WHAT NEEDS TO BE DONE: Nothing beyond the line containing "第4章 生物体有相同的基本结" is to be printed; print exactly each line from the start of the records below through that line, leaving out pictures.

MATERIALS PROVIDED:
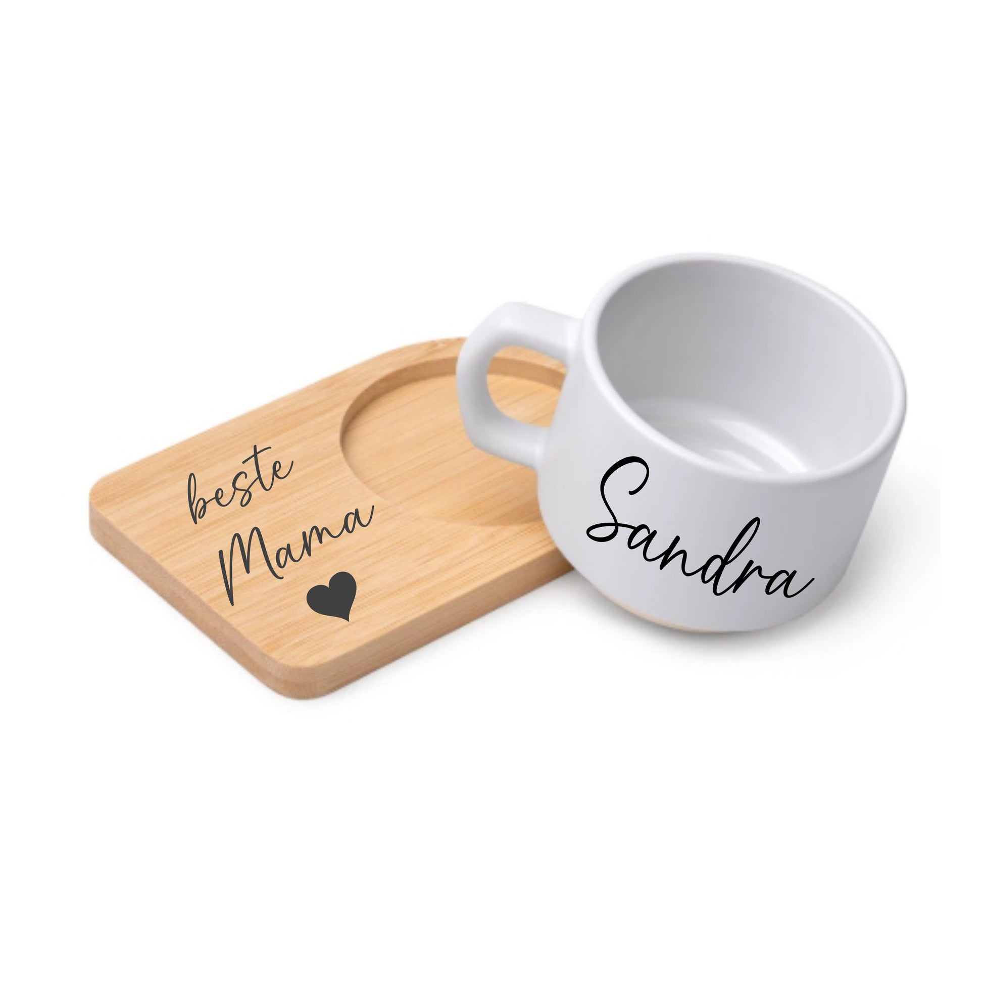 Kaffee- oder Teetasse zur Sublimation, die matte Oberfläche lässt die Tasse besonders edel erscheinen. Der Bambusuntersetzer lässt sich wunderbar mit einem Laser bearbeiten, kann aber auch mit UV-DTF oder Vinylfolie verziert werden.
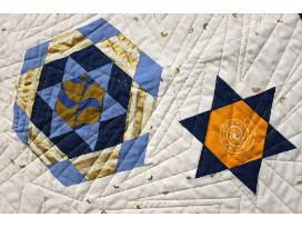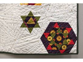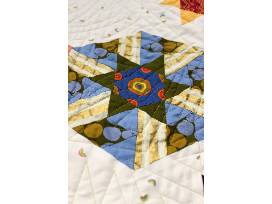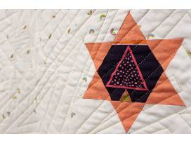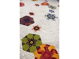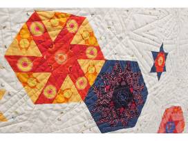 This English Paper Pieced quilt was created together with other sewists in a year-long class at Blue Bar Quilts. The top is entirely hand-sewn.
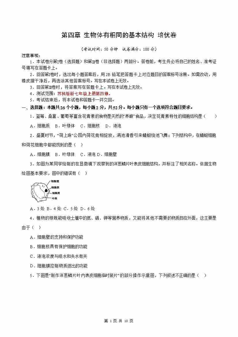 第4章 生物体有相同的基本结构【B卷·培优卷】(原卷版)-七年级生物上册生物(苏科版2024)
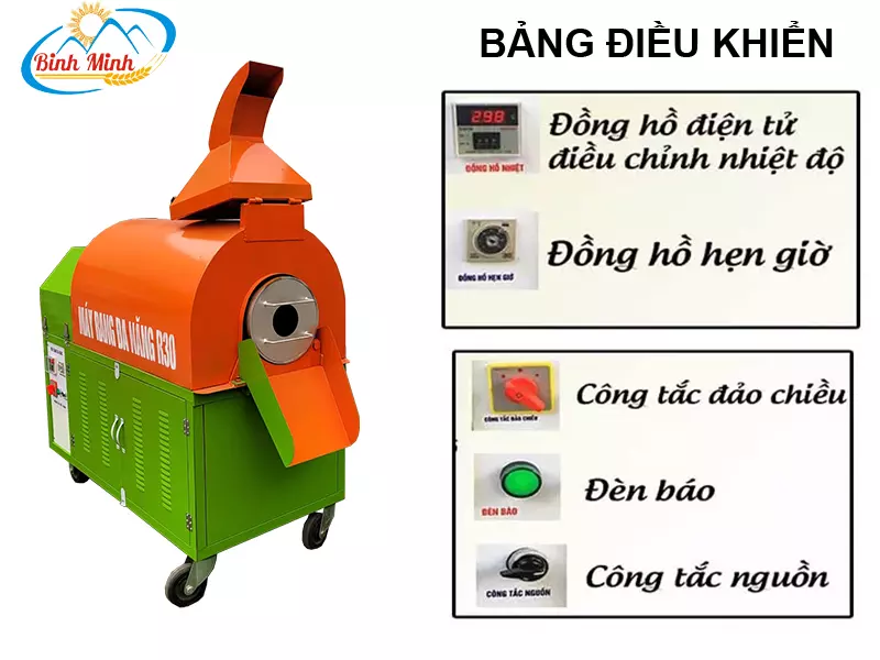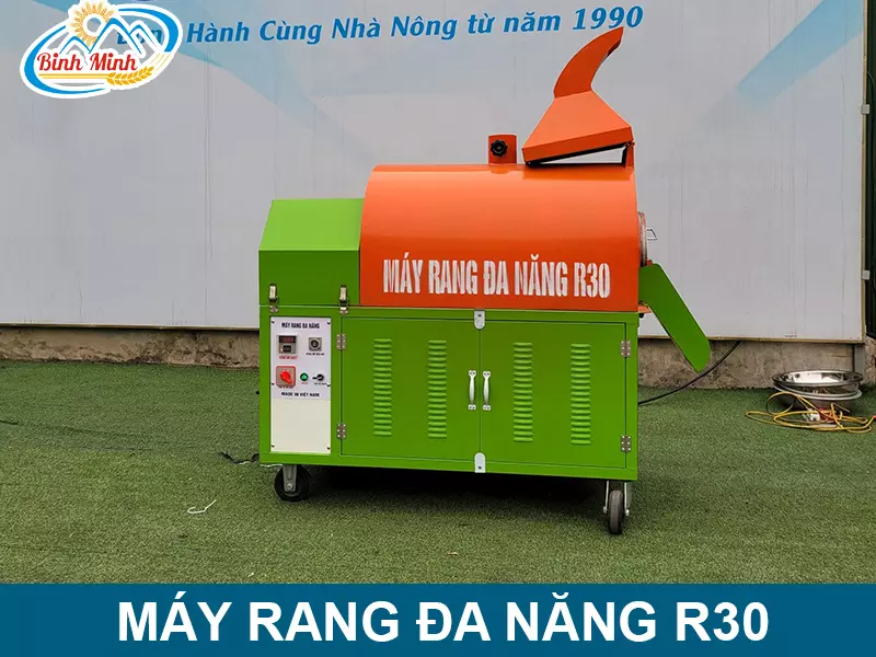 Máy rang hạt đa năng R30 là thiết bị do Công ty Bình Minh chế tạo và sản xuất ra với thiết kế đẹp mắt, có chức năng rang đa dạng các loại nguyên liệu như: hướng dương, lạc, đỗ, macca….một cách nhanh chóng.
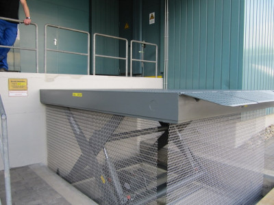 Serienhebebühne, eingesetzt zum Niveauausgleich zwischen zwei Laderampen und dem Hofnivau. |
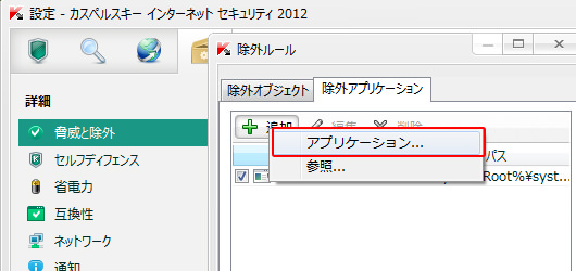除外アプリケーションのタブに移動して、追加をクリックします。
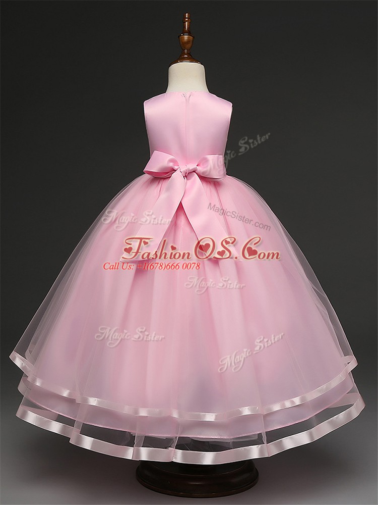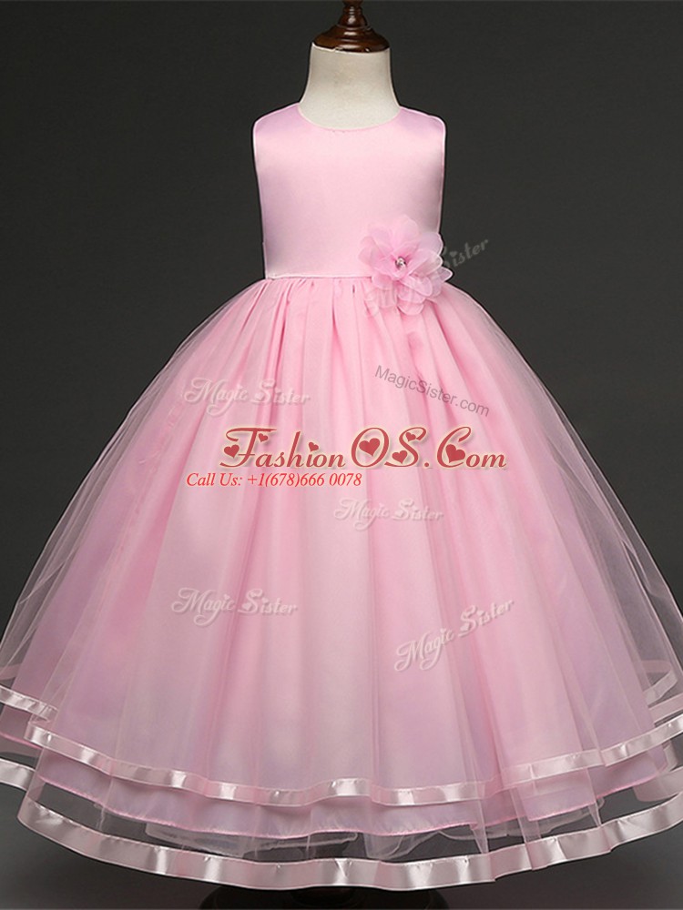 Sleeveless Hand Made Flower Zipper Little Girl Pageant Dress
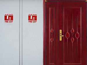 5、防火門的門執手,如必須用手轉動才能開啟,則可能在火災時因被烤燙而無法開門。為此宜用推桿式門鎖,只需手推或身體擠壓便可開啟。
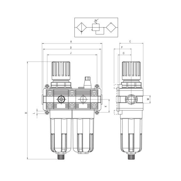 Filtro regulador lubricador Aignep FR+L2 20 micras 0-8 bar purga automatica con rosca 3/8″ T100204232100
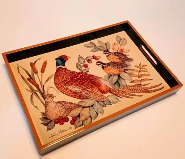 Julie Wear Pheasant and Quail Lacquer Tray 19 x 13"
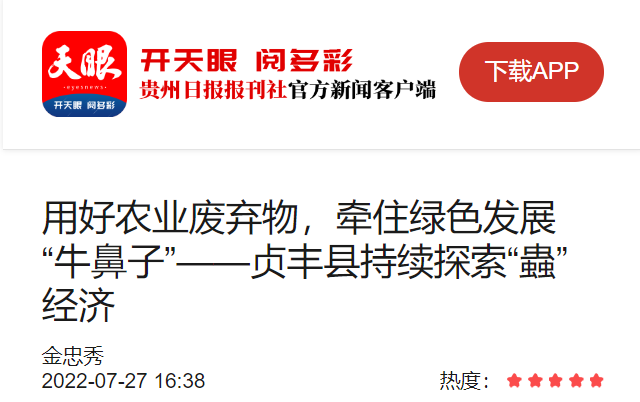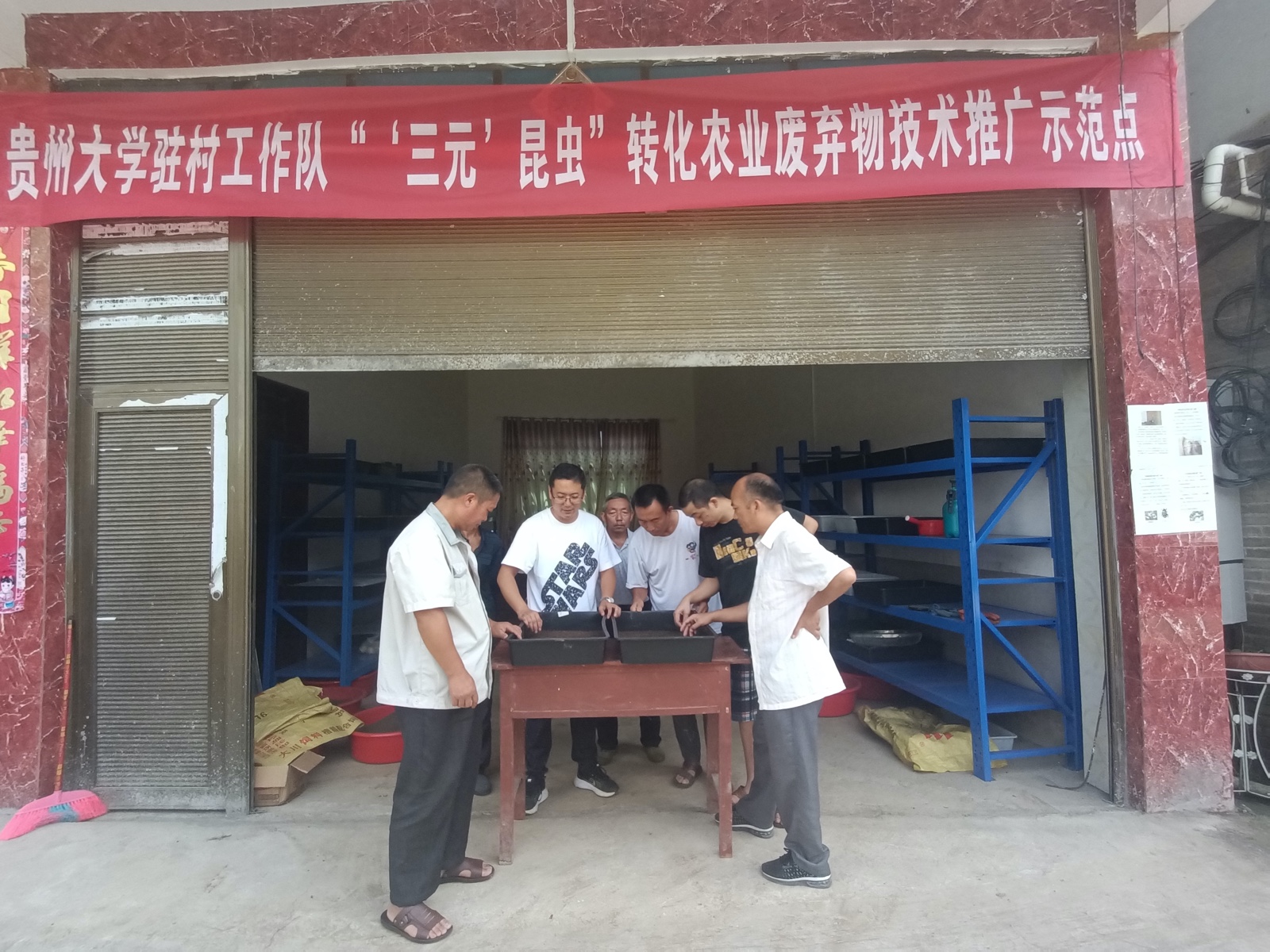 “‘蟲’产业,是我们村围绕‘三元’昆虫养殖开展的特色产业项目。贵州大学驻村工作队以营盘村为试点,建立‘三元’昆虫转化农业废弃物产业推广示范点,即以蛴螬和黄粉虫转化畜禽粪便和秸秆为虫体蛋白,随后将虫体蛋白做成饲料,用于土元养殖,土元由公司收购,促进增收和人居环境改善,让我们村富起来。”7月21日,贞丰县平街乡营盘村驻村第一书记郑寅向到访村民介绍村里“蟲”经济发展情况。

YOUR SOLUTION:
 Kaffee- oder Teetasse zur Sublimation, die matte Oberfläche lässt die Tasse besonders edel erscheinen. Der Bambusuntersetzer lässt sich wunderbar mit einem Laser bearbeiten, kann aber auch mit UV-DTF oder Vinylfolie verziert werden.
 This English Paper Pieced quilt was created together with other sewists in a year-long class at Blue Bar Quilts. The top is entirely hand-sewn.
 第4章 生物体有相同的基本结构【B卷·培优卷】(原卷版)-七年级生物上册生物(苏科版2024)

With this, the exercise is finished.